Alica Bieliková, editor and deputy of the National Council of the Slovak Republic, died
Alica Bieliková, a former editor, member of the National Council of the Slovak Republic and a long-time employee of the Office of the President of the Slovak Republic, died on Wednesday after a long illness. TASR was informed about it by her son Peter Bielik, a well-known moderator of TA3.
In the past, Bieliková also worked for the daily Smena as a presenter at Slovak Radio, where she worked for 23 years. She worked in the Office of the President of the Slovak Republic during the presidency of Presidents Rudolf Schuster and Ivan Gašparovič.
Alica Bieliková was born on June 26, 1942 in Malacky. After graduating from university, she worked in the editorial office of the daily Smena, where she also met her future husband, photojournalist Lac Bielik. They were married on August 17, 1968, just before the invasion of the occupying forces of the Soviet Union and other Allies from the Warsaw Pact.
“August 17, 1968, it was the day of our wedding. On the morning of the 21st, Aunt Valent, with whom I lived, told me that we were occupied by tanks.
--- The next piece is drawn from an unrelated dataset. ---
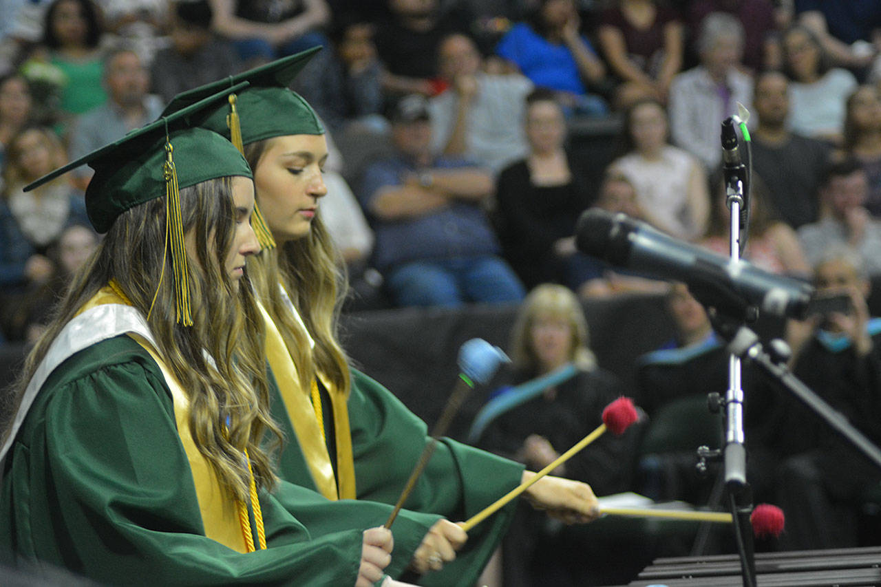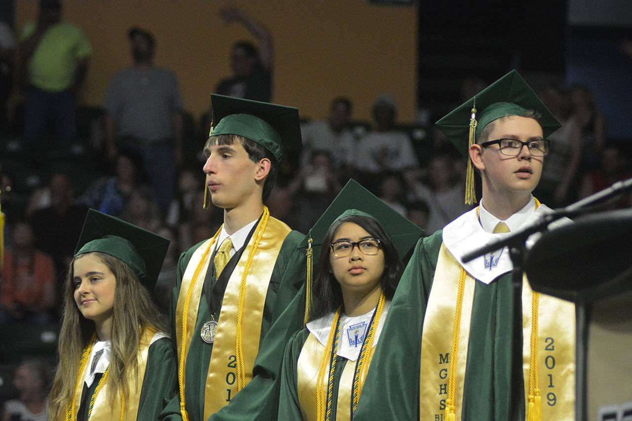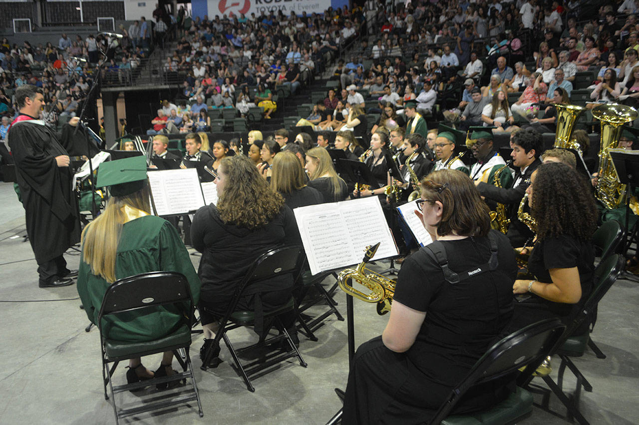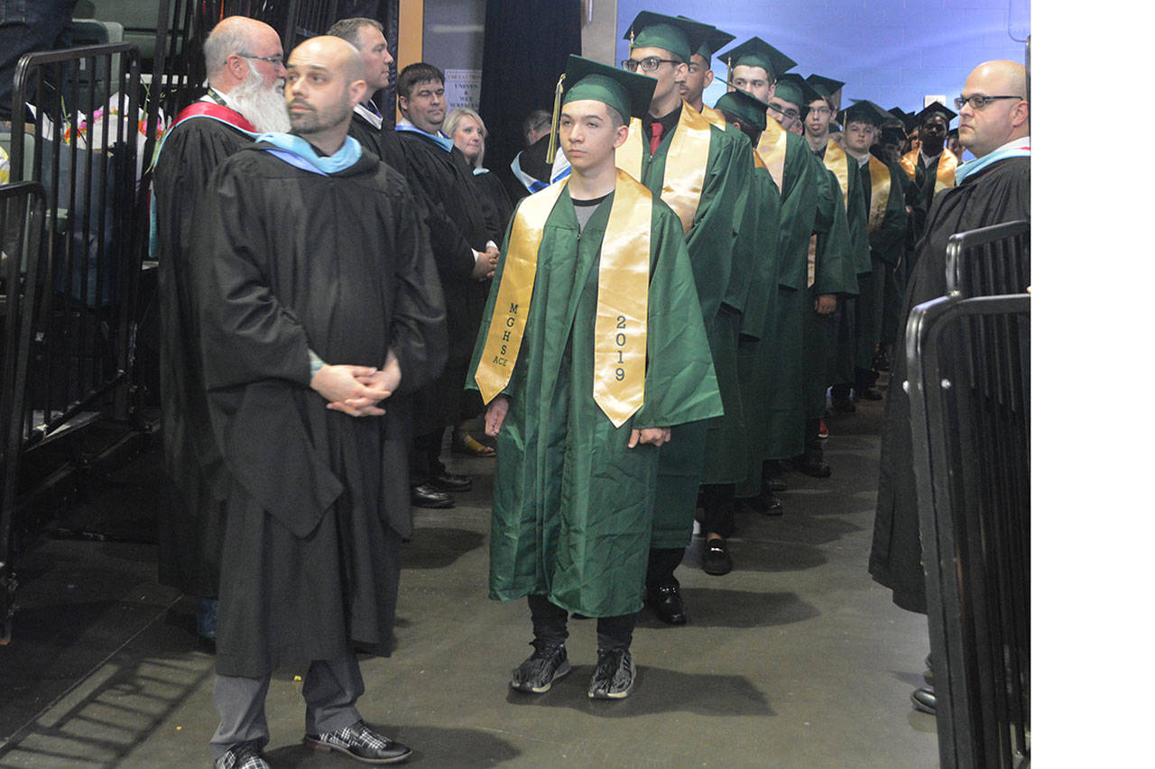 EVERETT – As if parents don’t feel old enough when their child graduates, Marysville Getchell principal Richard Zimmerman jokingly reminded them at the school’s ceremony Wednesday at Angel of the Winds Arena.
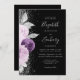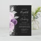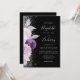 O canto esquerdo deste elegante convite para casamento moderno apresenta um buquê floral em tons de roxo e lavanda, aparado com folha de falso prateado e folhagem falsa e aspergido com brilho de prata. O texto personalizável combina o script de escrita manual de cinzas prateadas pálidas, fontes em copperplate e itálico em um fundo preto. O verso fornece espaço para detalhes do casamento em um fundo preto sólido, junto com um código QR que os convidados podem digitalizar para visitar seu site e RSVP, o que economiza o custo de imprimir e enviar cartões RSVP separados.

Laco first photographed from the window, then ran outside.” she recalled in one of the radio interviews the tragic moments of the days of August 1968. It was then that an iconic photograph of her husband was taken, in which he captured a man with a bare chest in front of a Soviet tank.
Alica Bieliková has lived at the Slovak Radio for 23 years. She was the editor of Mikrofóra, Dobré ráno. After November ’89, she stood at the birth of Rádiožurnál, which Slovak Radio broadcast for the first time on March 5, 1990.
“Up-to-date information needs to be broadcast, though.” her principle sounded. With a microphone, she recorded all the key events of the 90s.